Reinforcement training starts from scratch. The program is shown a virtual environment, about which it knows nothing but rules. For example, a simulation of a game of chess or video games. The program contains at least one component known as a neural network. It consists of layers of computational structures that sift through information to identify specific functions or strategies. Each layer explores the environment at a new level of abstraction. At first, these networks act with minimal success, but it is important that each failure leaves a mark and is encoded within the network. Gradually, the neural network becomes more sophisticated, as it experiments with different strategies - and receives an award if it is successful. If the program moves a chess piece and as a result loses the game, it will not repeat this error anymore. Most of the magic of artificial intelligence lies in the speed with which he repeats his tasks.
The culmination of DeepMind's work was 2016, when the company released AlphaGo, which used reinforcement training along with other methods to play go. To everyone's surprise, in the five-match duel in Seoul, the program beat the world champion. 280 million spectators watched the victory of the car: this event happened a decade earlier than experts had predicted. The following year, an improved version of AlphaGo defeated the Chinese champion of go.
Like Deep Blue in 1997, AlphaGo changed the perception of what human excellence consists of. Board game champions, some of the most brilliant minds on the planet, were no longer considered the pinnacle of intelligence. Almost 20 years after talking with the Japanese master Fujvarea Hassabis kept his promise. Later he said that he almost cried during the match. According to tradition, the student makes thanks to the teacher, defeating him in the match. Hassabis thanked Matthews, defeating the game entirely.
DeepBlue won because of the brute force and speed of computation, but the AlphaGo style seemed artistic, almost human. His grace and sophistication, the superiority of the computational musculature seemed to show that DeepMind, further than its competitors, advanced in developing a program capable of curing diseases and managing cities.
Hassabis has always said that DeepMind will change the world for the better. But in a strong AI there is no certainty. If he ever arises, we do not know whether he will be altruistic or malicious, whether he will submit to human control. Even so, who will take control?
From the very beginning, Hassabis tried to protect the independence of DeepMind. He always insisted that DeepMind stay in London. When Google bought the company in 2014, the issue of control became more relevant. Hassabis was not obliged to sell the company. He had enough money, and he sketched out a business model for which the company develops games to fund research. Google’s finances weighed, but, like many founders, Hassabis didn’t want to give up the company he had grown. As part of the deal, DeepMind has entered into an agreement that will not allow Google to unilaterally take control of the company's intellectual property. According to an informed person, before the transaction, the parties signed a contract called the Ethics and Safety Review Agreement. The previously unreported agreement was drafted by serious London lawyers.

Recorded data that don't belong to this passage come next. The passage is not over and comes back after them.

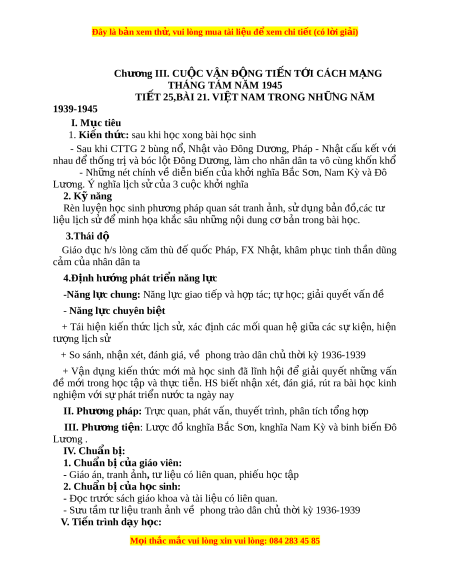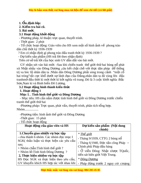 Đây là bản xem th , vu ử i lòng mua tài li u ệ đ xe ể m chi ti t (c ế ó l i ờ gi i ả ) 1. n đ Ổ nh l ị p ớ : 2. Ki m ể tra bài cũ. 3. Bài m i ớ . 3.1 Hoạt đ ng k ộ h i ở đ ng ộ - Phư ng pháp, kĩ ơ thu t ậ : tr c quan, t ự huy t ế trình. - Th i ờ gian: 2 phút - Tổ ch c ho ứ t ạ đ ng: ộ Giáo viên cho HS xem m t ộ s hì ố nh nh ả v phong t ề rào dân chủ th i ờ kỳ 1936-1939 ? Em có nh n ậ đ nh gì ị phong trào đ u t ấ ranh th i ờ kỳ 1936-1939 ? - D ki ự n s ế n ph ả ẩm (HS tr l ả i ờ theo nh n đ ậ nh ị ) Trên cơ s t ở r l ả i ờ c a ủ h c s ọ inh GV d n d ẫ t ắ vào bài m i ớ . GV nh n ậ xét vào bài m i ớ : -Sau khi chi n ế tranh th ế gi i ớ th
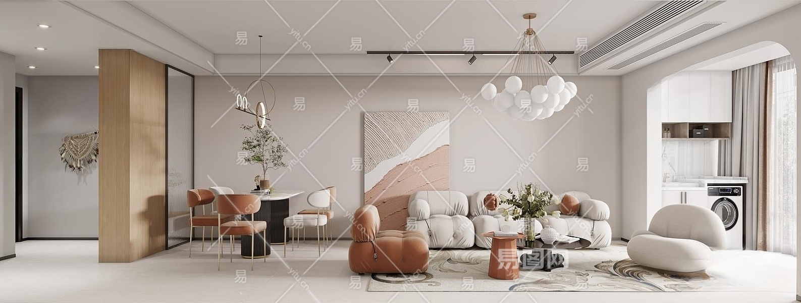现代奶油风客餐厅3D模型下载
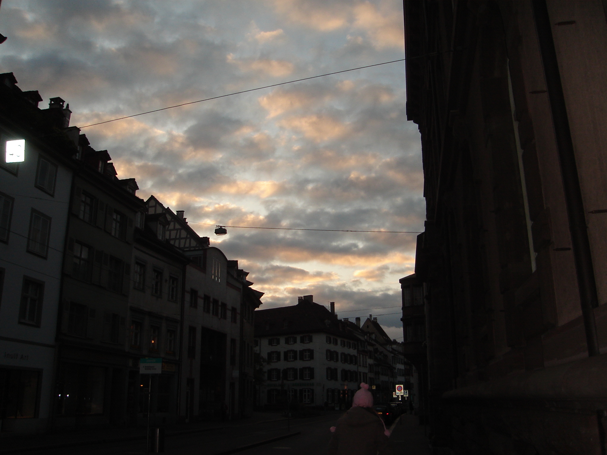 Depart SFO 1:30 PM; JFK, then LHR. A quarter tab of Xanax takes the edge off my Air Travel Rage nicely, but I am unable to solve the easiest Sudoku. No sleep on the overnight leg, but I rest and feel OK. The final leg is Heathrow - Basel, where I arrive around 5 PM. From the plane, I see many beautiful white cliffs. Nicolas picks me up and takes me to my hotel, which has some academic connection. I wander through the old town and across the Rhine, looking for a restaurant that takes credit cards. I find one, and have a beer and mediocre spaghetti for $20 (welcome to Europe!).
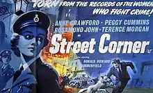 Street Corner is a 1953 British drama film. It was written by Muriel and Sydney Box and directed by Muriel. It was marketed as Both Sides of the Law in the United States. While it is not quite a documentary, the film depicts the daily routine of women in the police force from three different angles. It was conceived as a female version of the 1950 film The Blue Lamp.[2]

The agreement transfers control over the core technology of a strong AI to DeepMind whenever this AI is created, namely to a steering group called the Ethics Board. According to the same source, the Ethics Council is not some kind of cosmetic concession from Google. It gives DeepMind strong legal support to maintain control over its most valuable and potentially most dangerous technology. The names of the council members were not made public, but another source close to DeepMind and Google says it includes all three of the founders of DeepMind (the company declined to answer questions about the agreement, but said that “ethics control from the first day was for us priority ").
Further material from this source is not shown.